Under that same occupation though feeling it less as a chief tax collector, big time Zacchaeus had an encounter with Jesus that changed him down to his wallet. He became spontaneously generous; surely there was a little guilt in there. And while he did not quite want to confess his wrongdoing, he put out a hypothetical with some legalese CYA that IF he had defrauded anyone, he would repay them along with a significant penalty. But it was enough for Jesus. We don’t have to get it exactly right.  

Jesus told him that he, Jesus, needed to stay at his, Zacchaeus’s, a house perhaps built with funds that traveled upstream from the pyramid scheme that was tax collecting in the ancient world. He needed to go home with him, this man who fleeced the flock for a living. Jesus needed to spend time with him. He needed to spend time with his family who is not mentioned, who I am reading into the text with my sanctified imagination. There was, in my reading, a wife and children who were ostracized because of what Zacchaeus did. And Jesus came to see them after Zacchaeus had his conversion moment on the road from Jericho. Confession – however conditional and conversion were followed by communion. Communion with Jesus.

Jesus says he has come to seek out and save the lost. If you are exploiting your sister or brother you are lost. If you are sitting on a pile of riches while people around you are hungry, homeless and lack healthcare, you are lost. If you are so hungry for property and possessions and people you can treat like property, you are lost. Riches may buffer some of the hardships of life, but one can have all the wealth in the world and still be deeply lost. Yet Jesus wants to see you and in the language of my people, see about you. To see you converted, not in the creed of any church, but in your communion with the people around you making your company a place that Jesus wants to stop by and sit a spell. The conversion of Zacchaeus may make the psalmist’s point. Just give it time she whispers from her knitting and her rocking chair. And I whisper, I’m still angry but I believe in the power of God to convert the corrupt. And failing that, … the wicked shall be cut off… and … a little more time and the wicked will be no more. Amen.
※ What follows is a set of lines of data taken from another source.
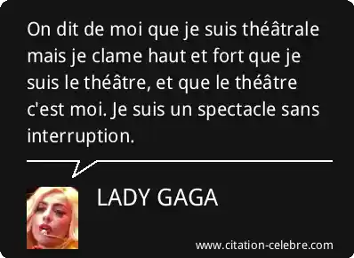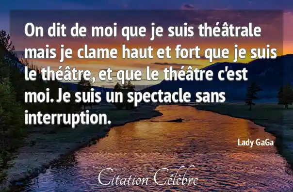 On dit de moi que je suis théâtrale mais je clame haut et fort que je suis le théâtre, et que le théâtre c'est moi. Je suis un spectacle sans interruption.
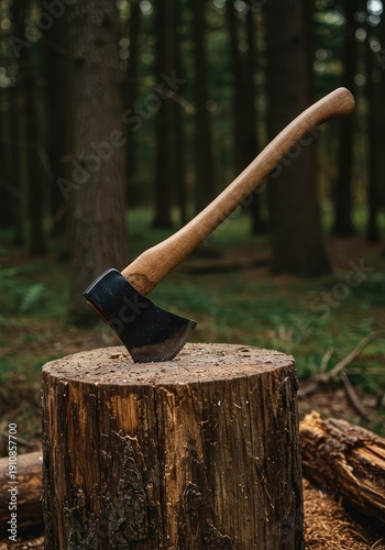 A rustic chopping axe blade is embedded firmly in a weathered wooden tree stump in a dense, quiet wilderness forest environment ,logging ,blade ,foliage
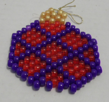 Woven ornament has purple edge and crisscross, red centers, yellow top. Ornament has gold cord hanger

Opening Eucharist 31 August 2022, Brite Divinity School

Year W, Proper 17: 1 Samuel 25:14–19, 23–25, 32–34, 42–43; Psalm 37:1–2, 7–11, 16, 35–40; Galatians 5:13–21; Luke 19:1–10

 

Pentecost 12

This week’s readings invite us to look deeply at how we treat each other, expect to be treated and when and where we make excuses for poor treatment, particularly among and by our leaders or other persons we hold in esteem.

David’s unjustified demand for Nabal to provision his bandits and his willingness to slaughter all of them gets swallowed up in romantic tellings of the marriage of Abigail and David. Abigail pays what is essentially a shakedown bribe, think of a gang demanding protection money from a store owner. 

The psalmist, reflecting on the ways in which people with power dominate and subjugate, counsels her hewers not to be angry on account of the wicked but rather trust God to bring them to a just end. It is hard counsel for there is much to be angry about and, that just end is clearly not a swift end. But the psalmist has lived long enough to see the wicked fall. She knows of what she speaks. She is a wise elder among us calling us to wait to see the justice of God in our lifetimes. 

The ethical framework of the epistle is presented primarily in yet another list of behaviors to be avoided. More helpfully, it points back to the primary principle of love of neighbor. 

In the Gospel Zacchaeus models the much overlooked principle of reparation. His repentance is accompanied by actions to make right wrong he has done and to go beyond it. 

In these readings money, wealth, possessions and power are barometers for our ethics. How we treat each other is not simply a matter of interpersonal civility. It is how we use the resources we have for the betterment of the world around us and to meet the needs of those in our midst.